## Action item
Please repeat the entries exactly as they appear and omit any images.

## Input for this task

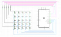 > La première solution nécessite 5 résistances, 25 leds et occupe 10 pins de l'arduino. 5 pins servent à contrôler chaque ligne (en rose sur l'image), et les 5 autres les colonnes (en bleu).
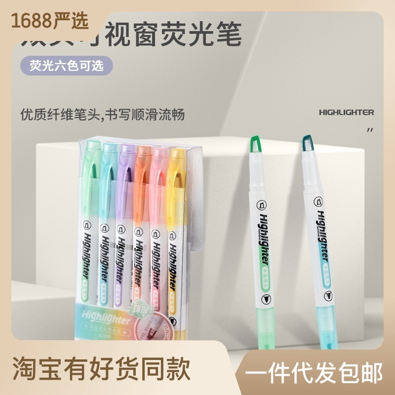 Double-Headed Visual Window Fluorescent Pen Student Notes Focus Modular Plug Transparent Head Macaron Color Graffiti Factory Direct Supply
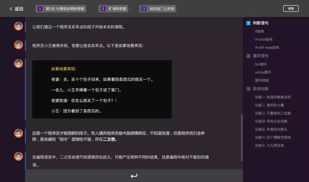 聊天式交互教学,好像在跟渊博又有趣的人聊天,听他引经据典娓娓道来,还有各种故事情节,学编程也可以像追剧一样上瘾,根本停不下来 有木有~\(≧▽≦)/
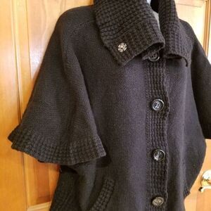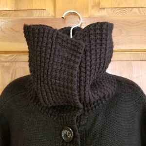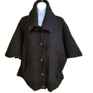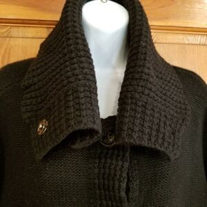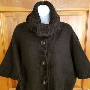 Vintage Caslon Cardigan Sweater Short Sleeve Womens L Black Chunky Knit Cowl Nec
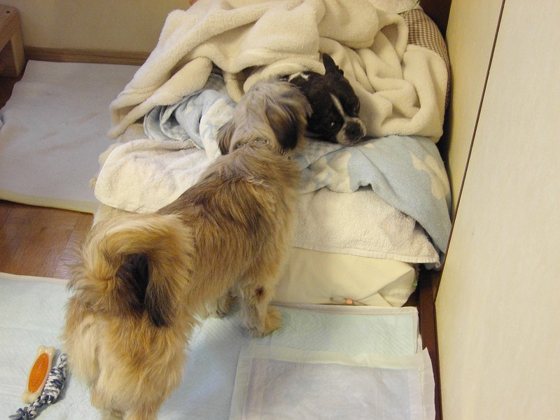 コーギー×シーズーmixのラッキーと、ラサ・アプソmix?のピッピ。
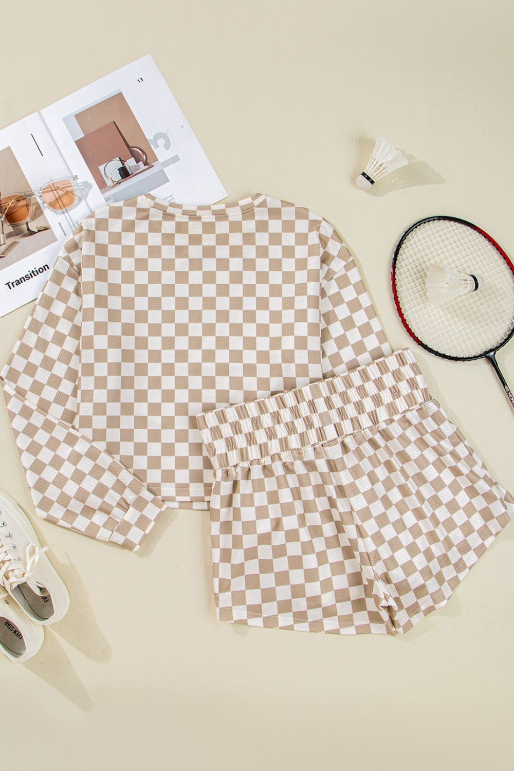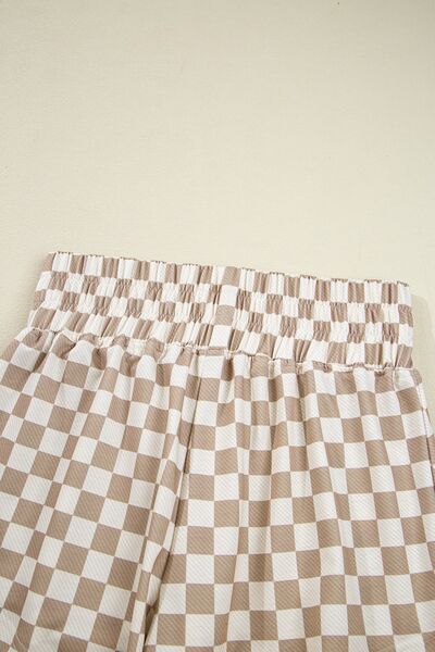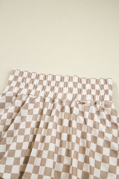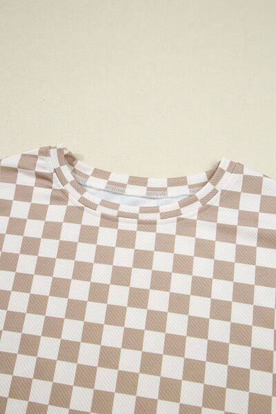 Checkered Long Sleeve Top and Skirt Two-Piece Set

## Solution for this task
 > La première solution nécessite 5 résistances, 25 leds et occupe 10 pins de l'arduino. 5 pins servent à contrôler chaque ligne (en rose sur l'image), et les 5 autres les colonnes (en bleu).
 Double-Headed Visual Window Fluorescent Pen Student Notes Focus Modular Plug Transparent Head Macaron Color Graffiti Factory Direct Supply
 聊天式交互教学,好像在跟渊博又有趣的人聊天,听他引经据典娓娓道来,还有各种故事情节,学编程也可以像追剧一样上瘾,根本停不下来 有木有~\(≧▽≦)/
 Vintage Caslon Cardigan Sweater Short Sleeve Womens L Black Chunky Knit Cowl Nec
 コーギー×シーズーmixのラッキーと、ラサ・アプソmix?のピッピ。
 Checkered Long Sleeve Top and Skirt Two-Piece Set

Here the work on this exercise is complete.